The Portrait of Dorian Gray’s Teddy Bear 

Dashwood Forrest the owner of The Dashwood Forrest Art Gallery had spent the day visiting a London Christmas Market.

On his way home, he had visited a small antique store where he noticed a rather old painting of a child’s teddy bear.

Intrigued by the painting, Forrest had bought the painting for £20 and brought it back to his gallery with him.

He gave the painting a cleaning and noticed the name of the artist- Basil Hallward.

The same artist who had painted the original portrait of Dorian Gray that Forrest had purchased at an estate sale back in October of 2012.

Prior to purchasing that painting, Forrest had just believed that the artist Basil Hallward was a fictional character and the famous portrait of Dorian Gray had been a figment of Oscar Wilde’s imagination.

Back on September 3rd of this year, the figure of Dorian Gray had disappeared from the painting when Hurricane Dorian had struck the Caribbean.

Only to return when the storm finally faded into oblivion.

And now here was a portrait of a teddy bear done by the same man who had painted a portrait of Dorian Gray.

Forrest noticed the year below Basil Hallward’s name -1860- the same year he had painted the picture of Dorian Gray.

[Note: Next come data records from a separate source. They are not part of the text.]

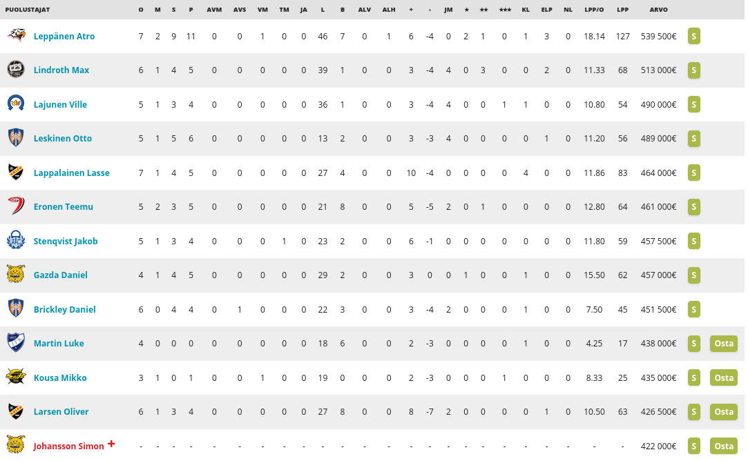 Joo Leskinen tuli itsellenikin mieleen että jos pakko olisi niin siihen sitten. Ohessa Liigapörssin puolustajien pörssikärki joka antaa ihan ok kuvan Liigan huippupakeista:
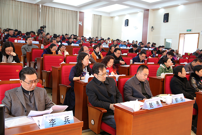 黎素梅校长讲话强调,深入学习贯彻全国思想政治工作会议精神,推进马克思主义理论学科体系建设,加强和改进高校思想政治教育,提升立德树人水平和质量,关键在队伍建设,从事哲学社会科学工作者都应该立时代之潮头、通古今之变化、发思想之先声,积极为党和人民述学立论、建言献策,担负起历史赋予的光荣使命。作为高校思政教师首先要坚定不移地做到对马克思主义学说真信、真学、真懂和真用;其二,高校要整合资源、凝聚力量,形成团队,培养大批年青的马克思主义学科带头人、教育家;其三,在教学中思政教师要在亲合力、说服力上下功夫,不断提高教学能力和水平,进一步加强改革和创新的力度,突出教学规范性、生动性。
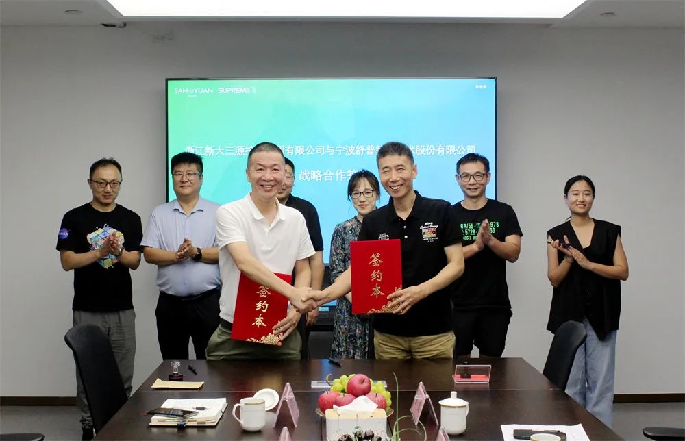 8月22日下午,三源控股集团与舒普智能合作签约仪式在六楼会议室举行。三源集团董事长童云洪,总经理钱竞,和源服饰总经理魏建新,副总经理童烨,舒普智能董事长罗千,舒普智能常务副总经理段时红,舒普智能董事长助理高飞,舒普智能研发总监刘志军等共同出席见证本次签约仪式。
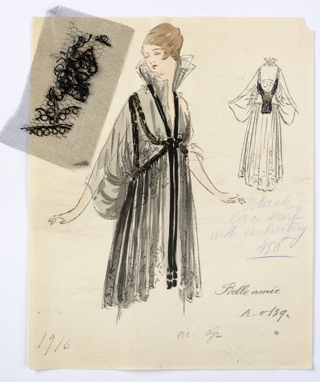 Lithograph and watercolor on paper fashion design. Black lace scarf with embroidery. Fabric samples accompany rendering.

Forrest decided to take the frame off and check the back of the canvas of the painting.

There on the back of the canvas of the painting were the words Portrait of Dorian Gray’s Toy Bear- painted 1860.

So Dorian Gray had owned a teddy bear before teddy bears became popular (teddy bears had emerged as a phenomenon back in the early 1900s and the toy bears had in fact been named after Teddy Roosevelt who was the U.S. President of the day).

Forrest went to the secluded room in the gallery where he kept the picture of Dorian Gray.

He hung the portrait of Dorian Gray’s teddy bear next to Gray’s portrait.

He then put the velvet curtains up again in front of both paintings, turned off the lights and closed the door.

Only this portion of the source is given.